Commercial Loans. Commercial Loans decreased from $841.7 million in 2023, to $800.5 million in 2024. We continue to focus on identifying commercial and industrial prospects in our new business pipeline. As noted above, we are an active commercial lender in the Chicago metropolitan area, with primary markets in the city of Chicago, as well as west and south of Chicago. In 2024, our commercial lending team, specifically the sponsor finance team, grew their line of business with an increase in loan originations focusing on lower middle market private equity-backed businesses. Commercial lending is comprised of revolving lines of credit for working capital, lending for capital expenditures on manufacturing equipment and lending to small business manufacturers, service companies, medical and dental entities as well as specialty contractors. We also have commercial and industrial loans to customers in food product manufacturing, food process and packing, machinery tooling manufacturing, healthcare, as well as service and technology companies. Collateral for these loans generally includes accounts receivable, inventory, equipment and real estate. In addition, we often obtain personal and/or corporate guarantees to help assure repayment. Loans may be made on an unsecured basis if warranted by the overall financial condition of the borrower. Commercial term loans range principally from one to seven years with the majority falling in the one to five year range.

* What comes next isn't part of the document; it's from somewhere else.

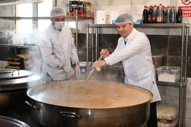 Başkan Dinçer, iftar hazırlıklarının yapıldığı mutfağı ziyaret ederek çalışmaları yerinde inceledi. Önlüğünü giyip yemek karıştıran Dinçer, hazırlık sürecine bizzat katkıda bulunarak personele kolaylıklar diledi.
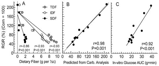 Relationships between glycemic response and in vitro analysis of beans and controls. Correlation coefficients (n = 10) and regressions for mean RGRs (relative glycemic responses) elicited by the ½ cup servings of the beans and control foods relative to corn: n = 18 for corn and the six beans, and n = 12 (drawn from the pool of n = 18) for macaroni, potato and rice. The mean iAUCs for macaroni, potato and rice were adjusted to account for the different numbers of participants in which they were tested, as described in the Methods section, and the RGR relative to corn was calculated. (A) shows the relationships between RGR and insoluble (IDF), soluble (SDF) and total dietary fiber (TDF). (B) shows the relationship between the observed RGR and that predicted by multiple regression analysis from the amounts of rapidly digested starch (RDS), slowly digested starch (SDS), resistant starch (RS) and available sugars (AS) contained in the ½ cup test means as follows (SE of the y estimate = 14.6): RGR = 23.3 × RDS + 8.3 × SDS − 20.1 × RS + 39.5 × AS − 108.2. The dashed and solid lines are the line of identity and the regression line, respectively. (C) shows the relationship between RGR and the area under the curve of glucose released during in vitro digestion (GHAUC) of the beans and control foods.

Interest rates on commercial loans are a mixture of fixed and variable rates, with these rates often tied to the prime rate, a spread over the Federal Home Loan Bank of Chicago (the “FHLBC”) index rate, a Treasury constant maturity index, or a Secured Overnight Financing Rate (“SOFR”).

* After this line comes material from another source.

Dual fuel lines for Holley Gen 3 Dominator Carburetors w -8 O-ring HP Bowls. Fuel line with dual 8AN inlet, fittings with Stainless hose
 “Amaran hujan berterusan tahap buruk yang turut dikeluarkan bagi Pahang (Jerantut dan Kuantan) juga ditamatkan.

Repayment of commercial loans is primarily dependent upon the cash flows generated by the operations of the commercial borrower. Our underwriting procedures identify the sources of those cash flows and seek to match the repayment terms of commercial loans to those sources. Secondary and tertiary repayment sources are typically based on collateralization and guarantor support. Commercial loans will generally require financial covenants that provide for an adequate cash flow or net worth level for uncertain events and changes in conditions. Stress testing is regularly performed on the Commercial loan portfolio to ensure appropriate reserve levels and adequate capital levels are maintained.
Lease Financing Receivables. We continued to grow our lease portfolio in 2024 with organic lease originations, primarily stemming from our growth with our investment grade leases as well as small to mid-size business equipment financing. The collateral for business equipment lease financing receivables primarily includes construction and transportation equipment, and lease terms typically range from one to seven years, with the majority falling in the one to five year range. Growth in this portfolio reflects management’s efforts to diversify lending product offerings, and lessen our commercial real estate loan concentration.